La factura psicológica de la pandemia

Tras dos años de covid «necesitamos tiempo» para desaprender, por ejemplo, a dejar de usar las mascarillas

Por Laura A. Izaguirre

Tras más de dos años de pandemia son muchas las secuelas que deja la covid-19. En estos más de 700 días de ‘convivencia’ con el virus hemos sufrido multitud de cambios que no imaginábamos antes del 14 de marzo de 2020. Nos hemos acostumbrado a modificar comportamientos, estilos de vida y modos de relacionarnos, entre otras muchas cosas, y ahora hay que ‘desaprender’ lo aprendido para intentar volver a una normalidad que aún queda lejos de aquella que dejamos. «Solo necesitamos tiempo, adaptarnos poco a poco y avanzar hacia una etapa mejor; pensemos que lo peor ha pasado, que al menos estamos más preparados y experimentados en lo que tenga que venir; este confinamiento y todo lo que ha conllevado ha sido el primero de la era moderna, pero quizás no sea el último, el impacto de lo inesperado ya ha pasado», defiende la psicóloga Alicia Martos, autora del libro ‘Se hizo el silencio: las 22 claves psicológicas para entender la pandemia’ (Ediciones Alfar).

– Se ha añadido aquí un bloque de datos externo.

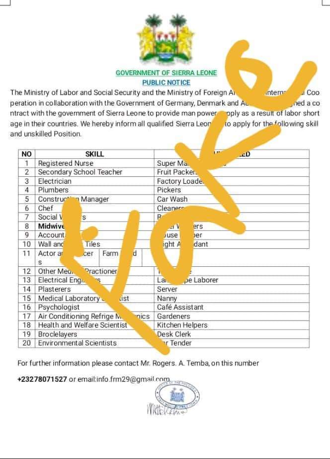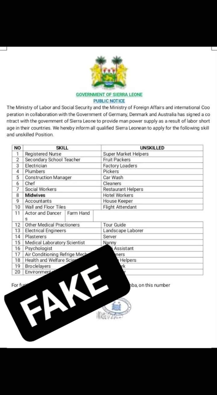 Sierra Leone’s Ministry of Employment, Labour and Social Security has called on the public to disregard a trending notice on social media entreating prospective job seekers to apply to the Ministry.

Avanzamos, eso parece, hacia una etapa de más claros que oscuros y, sin embargo, hay que tener muy presente que aún hay obstáculos a los que hacer frente. Es la huella psicológica de la pandemia. «Depende mucho de cómo hayamos vivido la covid-19, de cómo fue nuestro confinamiento, si nos hemos sentido solos, si se hundió nuestro negocio o perdimos a alguien cercano… pero lo cierto es que a nivel general todos estamos cansados de transitar por un periodo extraño, alterado, sin poder hacer planes, sin las grandes reuniones de antes», destaca Martos. No en vano, además del duelo por quienes han muerto, del hecho de no vernos las caras o las sonrisas por el uso de la mascarilla, de que los niños hayan tenido retrasos en la adquisición del habla…, «el simple hecho de no poder ver la boca de los demás (particularmente útil para identificar expresiones emocionales) nos está pasando factura», detalla Martos. Sin olvidar que «somos una cultura de alto contacto, seres sociales acostumbrados a vivir a través del tacto (físico y emocional) con los demás; no nos sentimos cómodos en aislamiento, sin poder dar besos o abrazos, sobre todo en nuestro círculo más íntimo».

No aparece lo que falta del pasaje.